Extracted entries:
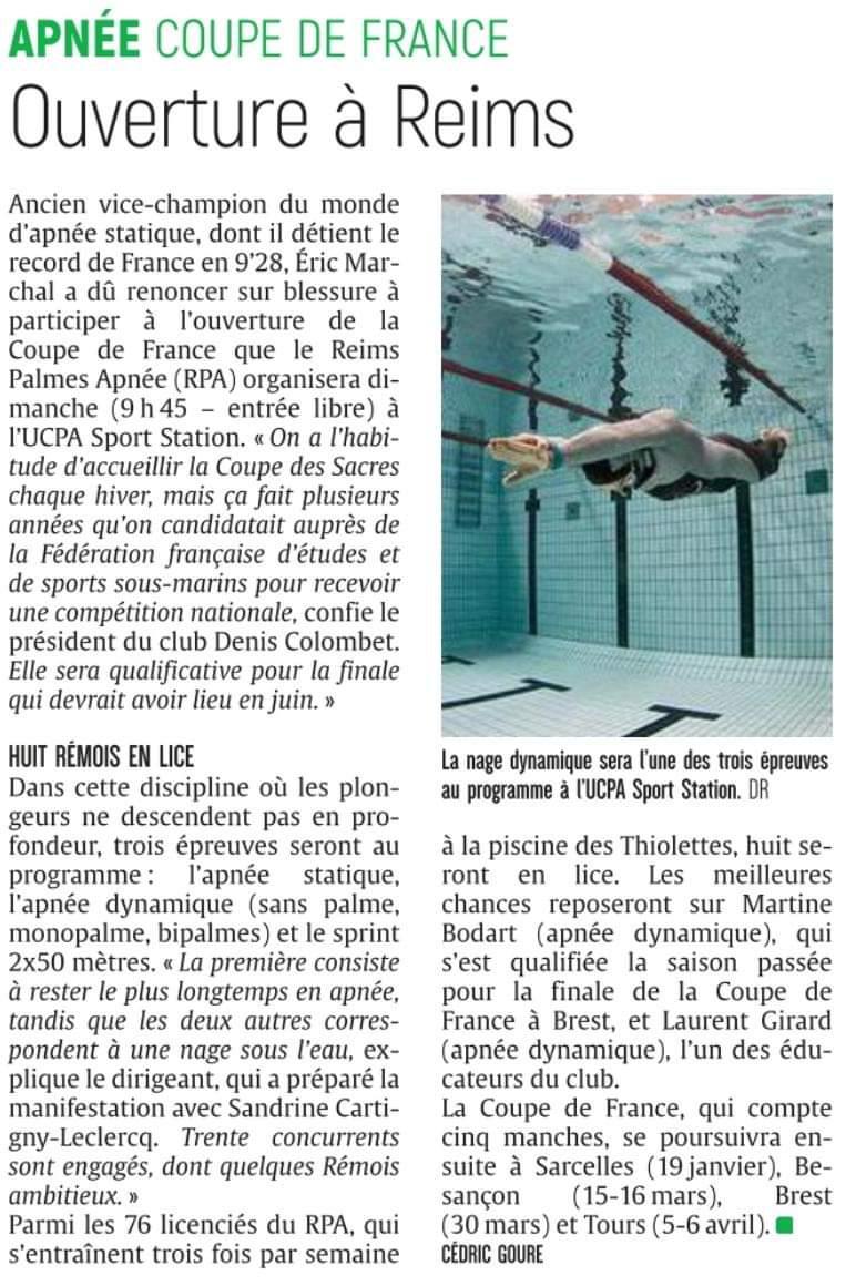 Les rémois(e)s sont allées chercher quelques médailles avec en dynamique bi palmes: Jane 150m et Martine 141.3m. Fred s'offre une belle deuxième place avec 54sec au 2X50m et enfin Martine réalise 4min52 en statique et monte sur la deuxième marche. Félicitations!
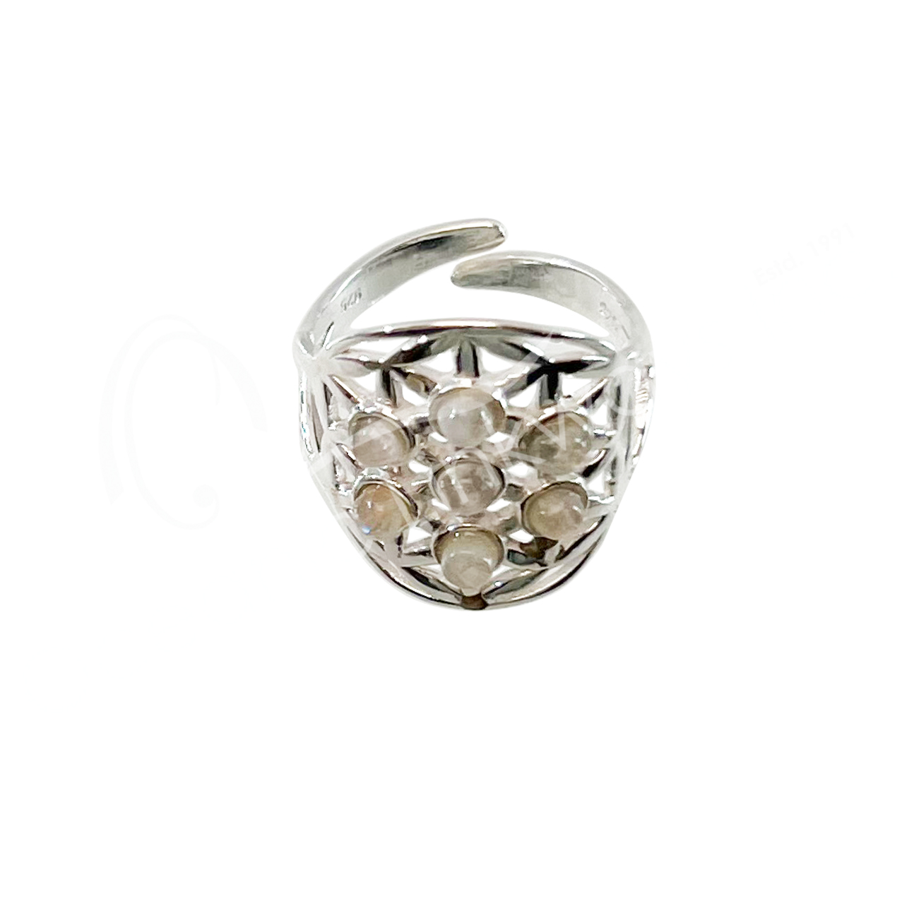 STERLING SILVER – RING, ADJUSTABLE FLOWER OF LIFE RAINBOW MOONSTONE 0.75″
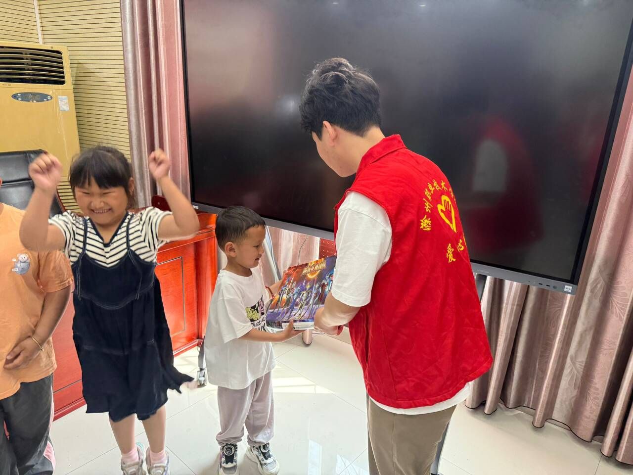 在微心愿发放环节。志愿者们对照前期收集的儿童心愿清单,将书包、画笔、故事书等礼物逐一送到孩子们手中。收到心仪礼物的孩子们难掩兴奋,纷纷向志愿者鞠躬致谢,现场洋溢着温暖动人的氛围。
---
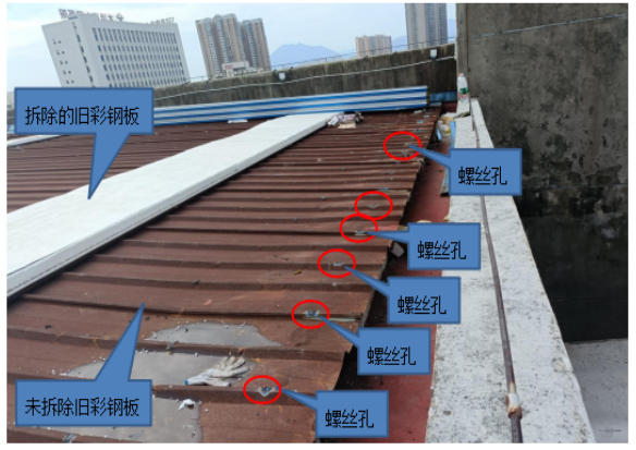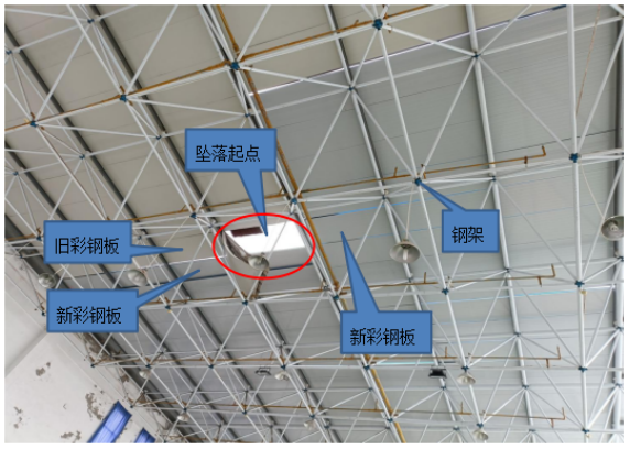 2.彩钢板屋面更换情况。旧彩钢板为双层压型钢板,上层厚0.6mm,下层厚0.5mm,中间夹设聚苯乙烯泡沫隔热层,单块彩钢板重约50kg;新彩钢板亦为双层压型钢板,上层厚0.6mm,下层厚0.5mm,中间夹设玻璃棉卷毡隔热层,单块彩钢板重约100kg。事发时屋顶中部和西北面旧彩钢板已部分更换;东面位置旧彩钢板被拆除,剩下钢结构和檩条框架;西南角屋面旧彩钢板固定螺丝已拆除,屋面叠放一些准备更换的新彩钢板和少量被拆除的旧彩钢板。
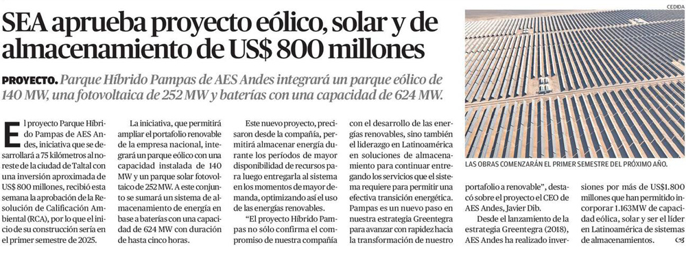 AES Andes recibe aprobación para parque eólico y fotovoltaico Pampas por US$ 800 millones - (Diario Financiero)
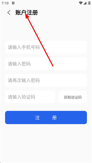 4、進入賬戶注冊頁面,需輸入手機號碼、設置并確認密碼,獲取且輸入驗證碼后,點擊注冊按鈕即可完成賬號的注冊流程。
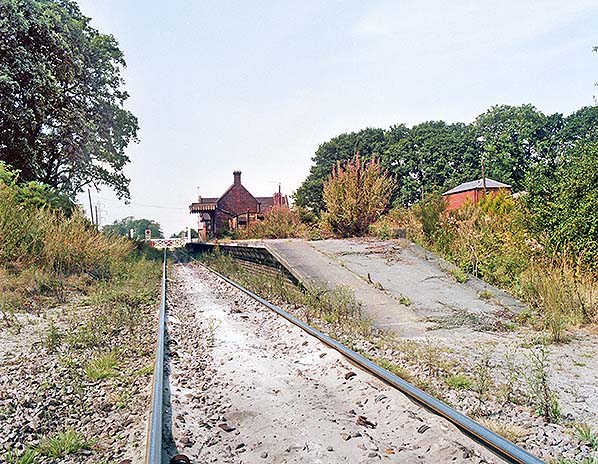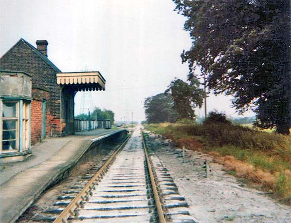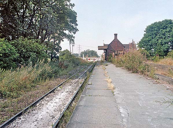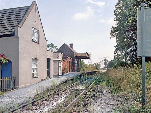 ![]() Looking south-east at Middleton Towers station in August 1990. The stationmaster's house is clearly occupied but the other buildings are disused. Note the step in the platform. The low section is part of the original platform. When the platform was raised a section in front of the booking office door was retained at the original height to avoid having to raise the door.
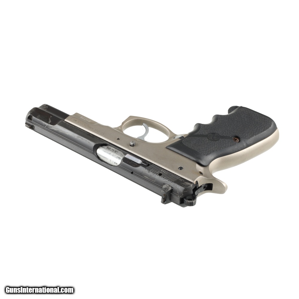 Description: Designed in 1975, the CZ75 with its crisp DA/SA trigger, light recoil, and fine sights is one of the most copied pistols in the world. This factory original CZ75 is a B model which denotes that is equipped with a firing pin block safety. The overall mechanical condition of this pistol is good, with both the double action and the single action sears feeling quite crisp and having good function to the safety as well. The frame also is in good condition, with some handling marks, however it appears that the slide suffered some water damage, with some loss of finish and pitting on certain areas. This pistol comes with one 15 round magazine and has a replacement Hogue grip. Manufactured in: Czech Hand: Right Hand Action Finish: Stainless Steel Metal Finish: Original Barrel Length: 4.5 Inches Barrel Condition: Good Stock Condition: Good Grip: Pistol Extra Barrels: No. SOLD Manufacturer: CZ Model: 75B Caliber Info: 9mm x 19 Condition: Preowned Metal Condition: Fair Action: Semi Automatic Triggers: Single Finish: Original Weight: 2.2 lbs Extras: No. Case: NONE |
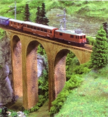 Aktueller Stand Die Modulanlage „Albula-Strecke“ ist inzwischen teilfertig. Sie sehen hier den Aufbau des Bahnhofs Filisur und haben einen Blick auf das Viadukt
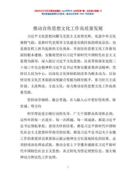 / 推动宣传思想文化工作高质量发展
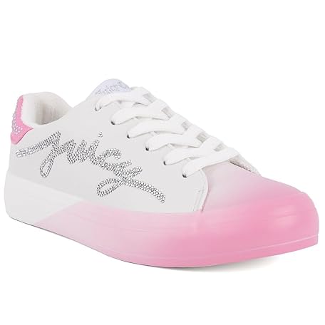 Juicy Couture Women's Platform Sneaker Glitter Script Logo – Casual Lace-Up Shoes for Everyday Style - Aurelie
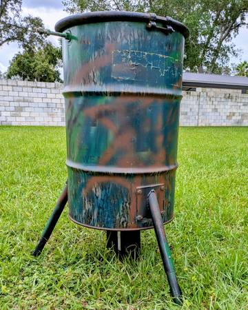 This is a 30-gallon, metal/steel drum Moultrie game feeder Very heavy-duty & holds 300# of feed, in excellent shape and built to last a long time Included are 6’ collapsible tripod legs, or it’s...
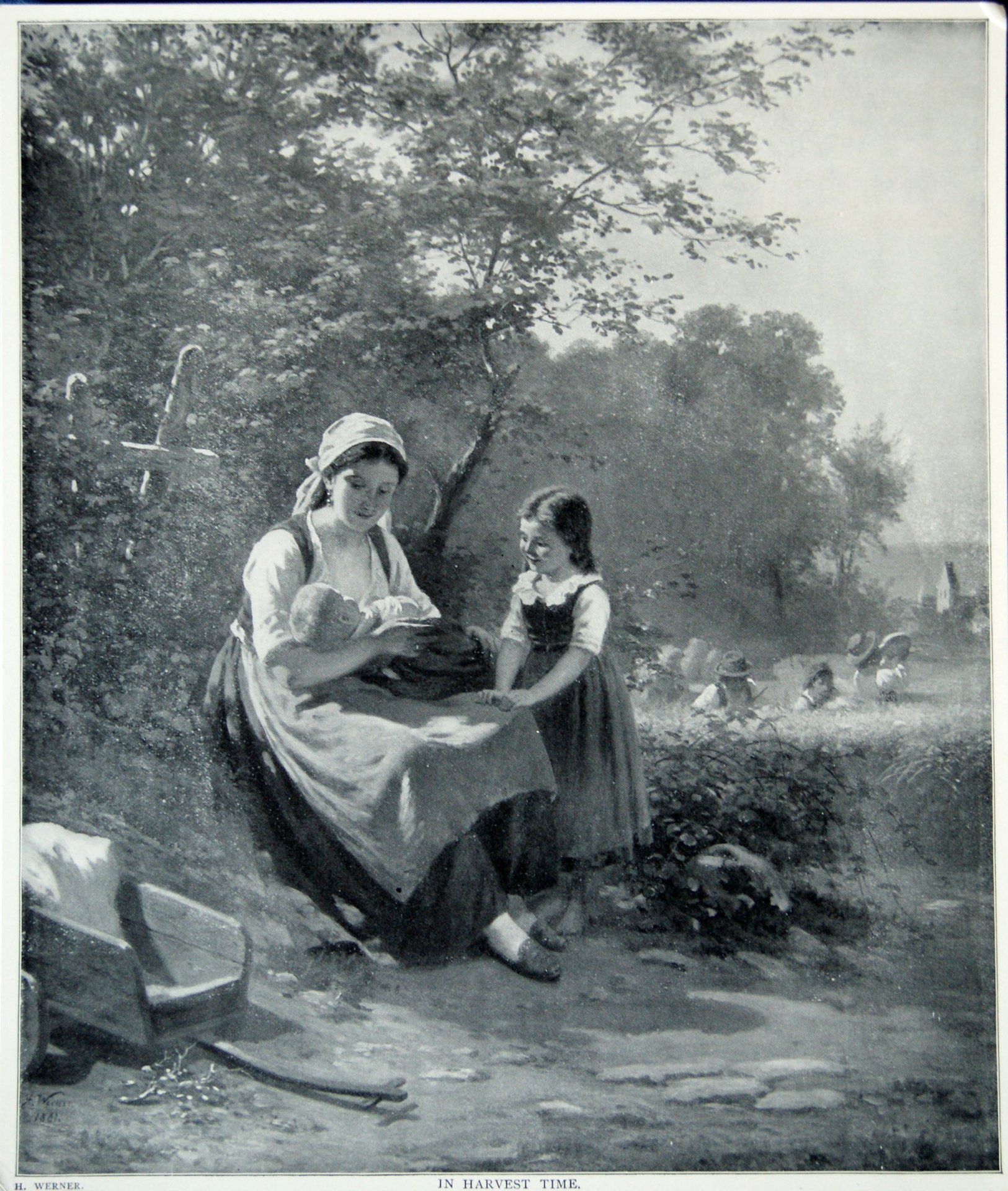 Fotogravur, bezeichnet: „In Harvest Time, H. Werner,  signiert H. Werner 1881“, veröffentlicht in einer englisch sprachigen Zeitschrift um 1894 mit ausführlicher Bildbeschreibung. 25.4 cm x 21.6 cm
---
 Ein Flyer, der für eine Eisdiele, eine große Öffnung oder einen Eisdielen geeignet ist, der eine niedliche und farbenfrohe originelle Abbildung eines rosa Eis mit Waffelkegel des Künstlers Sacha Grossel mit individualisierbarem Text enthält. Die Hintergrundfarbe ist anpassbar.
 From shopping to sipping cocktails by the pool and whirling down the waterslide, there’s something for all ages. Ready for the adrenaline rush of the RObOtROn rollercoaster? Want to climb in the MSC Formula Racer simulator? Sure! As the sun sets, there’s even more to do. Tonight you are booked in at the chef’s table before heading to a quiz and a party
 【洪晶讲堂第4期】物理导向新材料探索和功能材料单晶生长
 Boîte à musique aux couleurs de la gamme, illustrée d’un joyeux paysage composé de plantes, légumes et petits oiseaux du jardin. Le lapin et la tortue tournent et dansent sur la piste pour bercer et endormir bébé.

Your assignment:
Would you print exactly the lines in the listing above, from the line bearing "This is a 30-gallon, metal/steel" through the line bearing "Fotogravur, bezeichnet: „In", leaving out all pictures?

Solution to this problem:
 This is a 30-gallon, metal/steel drum Moultrie game feeder Very heavy-duty & holds 300# of feed, in excellent shape and built to last a long time Included are 6’ collapsible tripod legs, or it’s...
 Fotogravur, bezeichnet: „In Harvest Time, H. Werner,  signiert H. Werner 1881“, veröffentlicht in einer englisch sprachigen Zeitschrift um 1894 mit ausführlicher Bildbeschreibung. 25.4 cm x 21.6 cm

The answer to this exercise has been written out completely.